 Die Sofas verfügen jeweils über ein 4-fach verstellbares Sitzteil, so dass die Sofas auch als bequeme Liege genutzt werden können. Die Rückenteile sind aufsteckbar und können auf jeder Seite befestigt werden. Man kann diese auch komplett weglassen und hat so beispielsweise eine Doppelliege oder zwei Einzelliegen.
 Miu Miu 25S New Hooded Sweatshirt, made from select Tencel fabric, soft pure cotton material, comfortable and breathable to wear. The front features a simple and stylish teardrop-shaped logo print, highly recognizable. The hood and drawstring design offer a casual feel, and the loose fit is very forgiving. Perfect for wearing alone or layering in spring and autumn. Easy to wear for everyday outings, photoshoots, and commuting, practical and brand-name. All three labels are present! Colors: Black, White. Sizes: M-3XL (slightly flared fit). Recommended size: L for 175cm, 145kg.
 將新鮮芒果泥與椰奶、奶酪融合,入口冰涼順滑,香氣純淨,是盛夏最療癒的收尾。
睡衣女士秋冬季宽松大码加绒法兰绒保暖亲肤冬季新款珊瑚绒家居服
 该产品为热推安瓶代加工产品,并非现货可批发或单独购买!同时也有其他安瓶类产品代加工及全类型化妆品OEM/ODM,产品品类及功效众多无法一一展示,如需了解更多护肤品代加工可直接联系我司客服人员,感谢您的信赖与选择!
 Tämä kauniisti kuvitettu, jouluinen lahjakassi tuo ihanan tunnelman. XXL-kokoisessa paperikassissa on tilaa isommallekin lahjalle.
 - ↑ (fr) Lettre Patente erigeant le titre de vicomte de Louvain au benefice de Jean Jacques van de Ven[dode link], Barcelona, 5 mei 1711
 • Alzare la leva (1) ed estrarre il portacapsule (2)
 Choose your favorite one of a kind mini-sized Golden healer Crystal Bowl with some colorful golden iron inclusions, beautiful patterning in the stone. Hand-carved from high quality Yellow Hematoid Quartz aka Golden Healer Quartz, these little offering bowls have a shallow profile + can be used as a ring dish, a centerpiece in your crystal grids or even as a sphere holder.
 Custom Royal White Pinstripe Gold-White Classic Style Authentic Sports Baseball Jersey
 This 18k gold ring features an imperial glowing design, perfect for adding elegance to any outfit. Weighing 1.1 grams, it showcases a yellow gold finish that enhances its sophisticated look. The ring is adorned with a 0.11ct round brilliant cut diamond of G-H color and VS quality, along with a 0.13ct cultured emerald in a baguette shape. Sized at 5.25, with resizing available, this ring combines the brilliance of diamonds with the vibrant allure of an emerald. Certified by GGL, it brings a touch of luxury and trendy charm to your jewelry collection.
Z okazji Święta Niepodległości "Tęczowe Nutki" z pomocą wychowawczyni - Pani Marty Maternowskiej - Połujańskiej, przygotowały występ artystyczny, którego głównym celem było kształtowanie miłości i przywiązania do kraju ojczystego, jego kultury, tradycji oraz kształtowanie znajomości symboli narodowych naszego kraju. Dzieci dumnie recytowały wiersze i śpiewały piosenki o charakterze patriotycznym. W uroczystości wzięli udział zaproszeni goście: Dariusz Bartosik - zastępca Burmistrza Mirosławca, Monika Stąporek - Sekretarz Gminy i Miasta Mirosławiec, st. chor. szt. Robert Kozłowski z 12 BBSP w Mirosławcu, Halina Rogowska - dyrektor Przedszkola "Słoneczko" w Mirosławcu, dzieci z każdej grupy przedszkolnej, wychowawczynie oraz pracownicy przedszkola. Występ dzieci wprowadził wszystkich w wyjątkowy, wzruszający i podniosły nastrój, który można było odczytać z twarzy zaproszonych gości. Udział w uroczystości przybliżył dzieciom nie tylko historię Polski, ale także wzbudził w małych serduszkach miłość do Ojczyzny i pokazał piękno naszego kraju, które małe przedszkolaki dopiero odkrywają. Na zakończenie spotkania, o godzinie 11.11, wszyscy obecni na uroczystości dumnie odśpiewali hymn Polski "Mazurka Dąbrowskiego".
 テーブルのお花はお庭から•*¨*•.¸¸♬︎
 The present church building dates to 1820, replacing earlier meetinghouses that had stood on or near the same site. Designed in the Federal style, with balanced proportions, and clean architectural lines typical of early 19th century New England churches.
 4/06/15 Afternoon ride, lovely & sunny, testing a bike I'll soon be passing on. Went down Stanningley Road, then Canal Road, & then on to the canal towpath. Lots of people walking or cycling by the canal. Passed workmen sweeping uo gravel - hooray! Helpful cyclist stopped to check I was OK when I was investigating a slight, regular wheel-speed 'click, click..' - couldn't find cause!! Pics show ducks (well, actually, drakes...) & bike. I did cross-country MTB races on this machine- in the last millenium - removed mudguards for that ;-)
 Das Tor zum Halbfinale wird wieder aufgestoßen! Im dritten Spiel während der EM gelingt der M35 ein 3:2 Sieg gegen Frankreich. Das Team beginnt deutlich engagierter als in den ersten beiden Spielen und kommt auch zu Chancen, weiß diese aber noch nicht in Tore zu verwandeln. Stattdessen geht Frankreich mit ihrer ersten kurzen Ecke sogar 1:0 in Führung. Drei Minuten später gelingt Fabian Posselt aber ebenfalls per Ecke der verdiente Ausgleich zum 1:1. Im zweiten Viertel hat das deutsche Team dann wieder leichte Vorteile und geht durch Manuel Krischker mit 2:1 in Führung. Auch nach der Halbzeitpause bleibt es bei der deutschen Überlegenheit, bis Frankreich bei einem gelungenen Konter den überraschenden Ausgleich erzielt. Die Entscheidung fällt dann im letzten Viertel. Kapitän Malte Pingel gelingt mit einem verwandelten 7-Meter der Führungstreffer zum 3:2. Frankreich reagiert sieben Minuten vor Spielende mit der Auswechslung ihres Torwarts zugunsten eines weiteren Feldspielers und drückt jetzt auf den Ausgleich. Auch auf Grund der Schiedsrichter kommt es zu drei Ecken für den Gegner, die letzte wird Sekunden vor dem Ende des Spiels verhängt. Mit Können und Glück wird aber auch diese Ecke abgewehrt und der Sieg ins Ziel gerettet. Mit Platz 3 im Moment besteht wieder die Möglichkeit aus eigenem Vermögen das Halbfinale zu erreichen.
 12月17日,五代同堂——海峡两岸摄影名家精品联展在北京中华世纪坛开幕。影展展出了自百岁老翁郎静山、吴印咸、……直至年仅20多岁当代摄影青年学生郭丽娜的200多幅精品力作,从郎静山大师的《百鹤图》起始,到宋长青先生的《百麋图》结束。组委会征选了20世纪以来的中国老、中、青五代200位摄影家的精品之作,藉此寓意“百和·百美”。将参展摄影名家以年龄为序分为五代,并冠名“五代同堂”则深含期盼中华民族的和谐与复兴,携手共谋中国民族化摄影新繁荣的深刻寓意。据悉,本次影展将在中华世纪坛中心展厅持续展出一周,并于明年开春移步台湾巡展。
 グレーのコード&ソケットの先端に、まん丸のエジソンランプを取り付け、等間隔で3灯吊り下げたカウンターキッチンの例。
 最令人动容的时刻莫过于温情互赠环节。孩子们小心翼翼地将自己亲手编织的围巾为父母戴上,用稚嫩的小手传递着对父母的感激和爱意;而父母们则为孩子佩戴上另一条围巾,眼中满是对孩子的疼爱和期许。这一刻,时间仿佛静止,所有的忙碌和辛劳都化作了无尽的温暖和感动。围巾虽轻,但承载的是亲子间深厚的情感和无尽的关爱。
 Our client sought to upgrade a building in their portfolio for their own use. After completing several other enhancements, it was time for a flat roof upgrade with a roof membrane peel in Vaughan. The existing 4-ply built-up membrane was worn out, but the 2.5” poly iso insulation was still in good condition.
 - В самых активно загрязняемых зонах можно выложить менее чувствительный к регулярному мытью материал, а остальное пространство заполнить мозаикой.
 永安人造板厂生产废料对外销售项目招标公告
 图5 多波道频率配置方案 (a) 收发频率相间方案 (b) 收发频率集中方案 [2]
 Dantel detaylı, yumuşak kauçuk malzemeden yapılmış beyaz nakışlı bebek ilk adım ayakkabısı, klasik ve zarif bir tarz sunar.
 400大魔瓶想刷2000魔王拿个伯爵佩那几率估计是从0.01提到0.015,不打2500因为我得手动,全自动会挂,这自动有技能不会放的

═══

WHAT YOU WILL DO => What lines of the preceding data include the string "building"? Pull them out.

OUTPUT OF THE TASK =>
 The present church building dates to 1820, replacing earlier meetinghouses that had stood on or near the same site. Designed in the Federal style, with balanced proportions, and clean architectural lines typical of early 19th century New England churches.
 Our client sought to upgrade a building in their portfolio for their own use. After completing several other enhancements, it was time for a flat roof upgrade with a roof membrane peel in Vaughan. The existing 4-ply built-up membrane was worn out, but the 2.5” poly iso insulation was still in good condition.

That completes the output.